Fig. 5. NMR proton signals of isolated lignin (below) and acetylated lignin (above).
Author contribution statement
Mahyuni Harahap, Yurika Almanda Perangin Angin: Conceived and designed the experiments; Performed the experiments;
Analyzed and interpreted the data; Prepared the manuscript.
Vivi Purwandari: Contributed reagents, materials, analysis tools or data.
Ronn Goei: Performed the experiments; Contributed reagents, materials, analysis tools or data; Revised the manuscript.

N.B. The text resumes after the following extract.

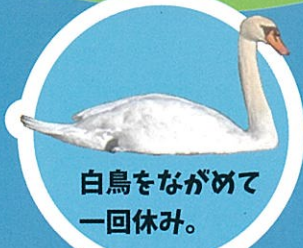
白鳥をながめて 一回休み。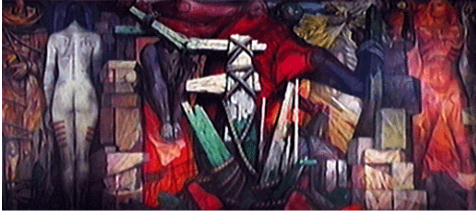
Liberación "La humanidad se libera de la miseria", 1960 Jorge González Camarena Acrílico sobre tela 449.5 x 993 x 5 cm.

Alfred ling Yoong Tok: Contributed reagents, materials, analysis tools or data; Prepared the manuscript.
Saharman Gea: Conceived and designed the experiments; Analyzed and interpreted the data; Contributed reagents, materials, analysis tools or data; Prepared the manuscript.
Funding statement
This research did not receive any specific grant from funding agencies in the public, commercial, or not-for-profit sectors.
Data availability statement
Data will be made available on request.
Fig. 6. TGA curves of lignin and electrospinning composite nanofibres.
Fig. 7.Raman spectra of PVA nanofibre, lignin/PVA nanofibre, and acetylated lignin/PVA nanofibre carbonized at 600 ◦C in nitrogen gas flow for 1 h.
Declaration of interest’s statement The authors declare no conflict of interest.